Das muss sehr branchenspezifisch betrachtet werden. Wir sehen schon jetzt, dass bestimmte Unternehmen – vor allem aus der Reise- und Luftfahrtbranche – sehr unter den aktuellen Entwicklungen leiden. Es gibt aber auch einige wenige Branchen, die profitieren, wie zum Beispiel der Lebensmitteleinzelhandel. Allgemein ist aber davon auszugehen, dass wir als Folge der Krise einen signifikanten Anstieg von Unternehmensinsolvenzen mit den entsprechenden Folgen für die Beschäftigten erleben werden. Für die deutsche Regierung wird es nun darum gehen, zu entscheiden, wem finanziell geholfen werden kann und in welchem Maße. Da stehen wir erst am Anfang der Überlegungen. Klar ist aber, dass auch ein Staat irgendwann das Ende seiner Leistungsfähigkeit erreicht. Alle Folgen der Krise werden dementsprechend wohl kaum aufgefangen werden können.
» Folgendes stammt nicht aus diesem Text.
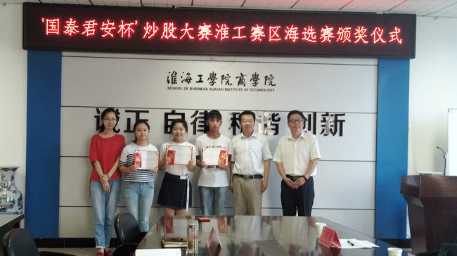 6月23日下午,由商学院承办的“国泰君安杯”炒股大赛淮工赛区海选赛颁奖仪式于苍梧校区主楼606举办。国泰君安江苏分公司连云港营业部总经理庄庆超、商学院党委副书记张振松、商学院辅导员程雪、海选赛获奖选手、金融协会以及国贸协会等30余位成员参加了颁奖仪式。仪式由张振松主持。

Welche Konsequenzen könnte die aktuelle Situation für die langfristige Entwicklung von Produktivität, Innovationskraft und Wachstum in Deutschland haben?
Es wird sicher eine Wachstumsdelle in Deutschland geben, eine Rezession erscheint mir unausweichlich. Zu erwarten sind allerdings auch gewisse Effekte, die künftig positiv auf die Produktivität und das Wachstum in Deutschland wirken könnten. So sind viele Unternehmen momentan gezwungen, Heimarbeit im großen Stil zu forcieren. Die Erfahrungen daraus könnten in Zukunft durchaus einen positiven Beitrag zur Produktivität in Deutschland leisten. Auch werden sicher viele Unternehmen daran arbeiten, ihre Wertschöpfungsketten stabiler und unabhängiger zu machen und bestimmte Produktionsprozesse ins Inland zurückzuverlegen. Das gilt insbesondere für die Pharmaindustrie, die zum Teil in China produziert, was ihr nun zusetzt. Das bietet das Potenzial für die Schaffung von Arbeitsplätzen in Deutschland.